Sarah Kathryn York is the author of the story collection The Anatomy of Edouard Beaupré (Coteau, 2012).
Born in Toronto, she is a dual citizen. Her short fiction has appeared in various journals (including The Danforth Review) and has won awards.
A former university instructor, she is a graduate of the University of Toronto’s Creative Writing Master’s Program, and is currently completing her PhD.
Sarah divides her time between Canada and the Blue Ridge Mountains. She is at work on a biography and a novel called Sermon.
Please tell us about your interest in the short story by
(a) telling us a bit about your recent collection (e.g., how did it come about? does it have a recurring theme? do you have a particular story or passage that's a favorite?)

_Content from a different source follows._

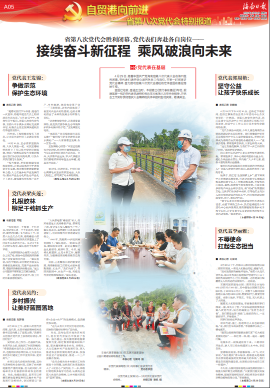 4月29日,随着中国共产党海南省第八次代表大会在海口胜利闭幕,党代表们满怀信心返回各自工作岗位,并第一时间宣讲党代会精神,奋力推动省第八次党代会描绘的宏伟蓝图在基层落地生根。

The Anatomy of Edouard Beaupré is an imaginative take on the Willow Bunch Giant, one of the tallest persons in history. Really, it is the story of a dying doctor whose obsession with the giant’s cadaver leads him into the mystery of Edouard’s life. Edouard was a Métis cowboy, circus strongman, sideshow “freak,” and the first of twenty children. He died in 1904, but his compelling story does not end there.
The collection started as a biography. I strove to understand Edouard’s condition, experiences, and dreams, but his humanity was better explored in fiction, for a number of reasons. Missing facts were “fleshed out” with imagination: what his fights were like, if he made love, what it might have felt like to be 8’4”. Thematically, each story is based on a body part with the idea of gathering pieces of Edouard and making them whole again. So the book itself is a kind of anatomy, and reads like a novel. A lasting image for me occurs at the end of “Hair,” a story about Edouard’s last trip home.

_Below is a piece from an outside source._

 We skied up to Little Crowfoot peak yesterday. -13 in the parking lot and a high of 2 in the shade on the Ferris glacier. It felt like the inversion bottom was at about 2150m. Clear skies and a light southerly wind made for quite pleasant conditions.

(b) recommending a short story or collection by someone else that you admire (and why?)
There are so many wonderful stories out right now. I’d like to pick a new or lesser-known writer, but a collection I recently read and admired is Binocular Vision by Edith Pearlman. Her use of language is close and keen, and she undercuts pretention with humorous sleight of hand.

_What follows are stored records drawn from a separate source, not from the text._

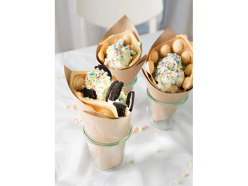 - Für Bubble Waffles: ideal zum Füllen mit süßen oder herzhaften Beilagen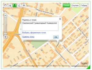 Теперь самая важная и ответственная задача – найти точку, которую необходимо отметить на карте. Искать будем мой университет – Смоленский Гуманитарный Университет. Для этого приближаем или увеличиваем масштаб и перемещаемся по улицам города. Я нашёл, а вы? Теперь отметим здание точкой и подпишем как необходимо.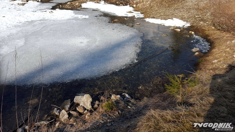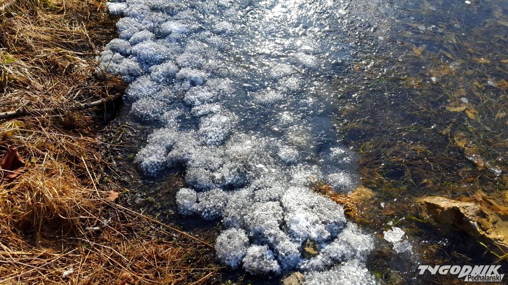 Mroźna noc sprawiła, że małe stawy w Zakopanem pokrył lód. Żabki nieco zaskoczone, bo już rozpoczęły swoje gody.

Anything by Barry Hannah breathes and surprises with moments of powerful transgressive glory.
For a single story, I think of the classic “Signs and Symbols” by Vladimir Nabokov, because its humanity is both humbling and disarming.
Or, Paul Bowles’ “A Distant Episode” for refusing to answer terror and corruption with redemption or resolution.
(c) reflecting on the 21st century and the short story: Are they a good match (and why)?
This is a loaded question. In the most basic sense, the short story accommodates new media like online journals – which demand shorter pieces — as well as contemporary readers, who crave brevity. Short stories allow for a plurality and diversity of voices that a globalist, heavily populated century demands. Many emerging writers are now fortunately showcased through short fiction, in part because established authors like Alice Munro and John Updike, who kept at it, helped to give stories the kind of “chops” traditionally reserved for the novel.
Short fiction lends itself to experimentalism and inventive potential. For instance, the line between story, parable, novella, diary and blog can be obscured to produce a dialogue between “genres.” I’m skeptical of the ‘hipness’ of stories, of fetishizing them as literary trinkets – “brief things” you might say— like conch shells that carry a writer’s current sound. Strong works are always relevant.
The short story is a dense and tightly controlled ‘form.’ It allows writers to entertain subjects, characters, or ideas that are unsustainable in longer immersive works. These literary “nuggets” offer glimpses of meaning, moral ambiguities, or representations of the human condition that leave us with unsettling questions. And we need that, in a century when people are so distracted, uprooted and quick to judge. Good stories can help ground us in reflection, and connect to each other on a deeper level. The story no longer has to be didactic or epiphanic as a way of transmitting meaning. Instead, it forces readers to work emotionally, to think critically, and to imagine differently. To engage complexity. At their best, I think, stories convey inner struggle, and allow the reader to struggle too.
Contemporary stories are often described as “raw” or “edgy” – terms I rarely use. I think of a line from Peter Fromm: “When he finally opens his mouth I ram my fist into it.” For me, this line embodies a current tendency towards strong violence in fiction, achieved in spare words. Twenty-first century short fiction packs a punch. And this punch arrives amid themes of emptiness, the search for love, and failed communication. It shakes us out of a culture in which daily ‘reality’ is increasingly vapid, communities are physically disconnected, couples struggle to stay together, and individual identities are unstable. Why do we hurt each other? How can we make sense of this world? Can we start again? Can we reconnect, forgive, heal, thrive? How can we be good to one another? Can we be loyal to others as well as ourselves? These are timeless questions that I hope we continue to deal with in stories. I am excited about what is coming.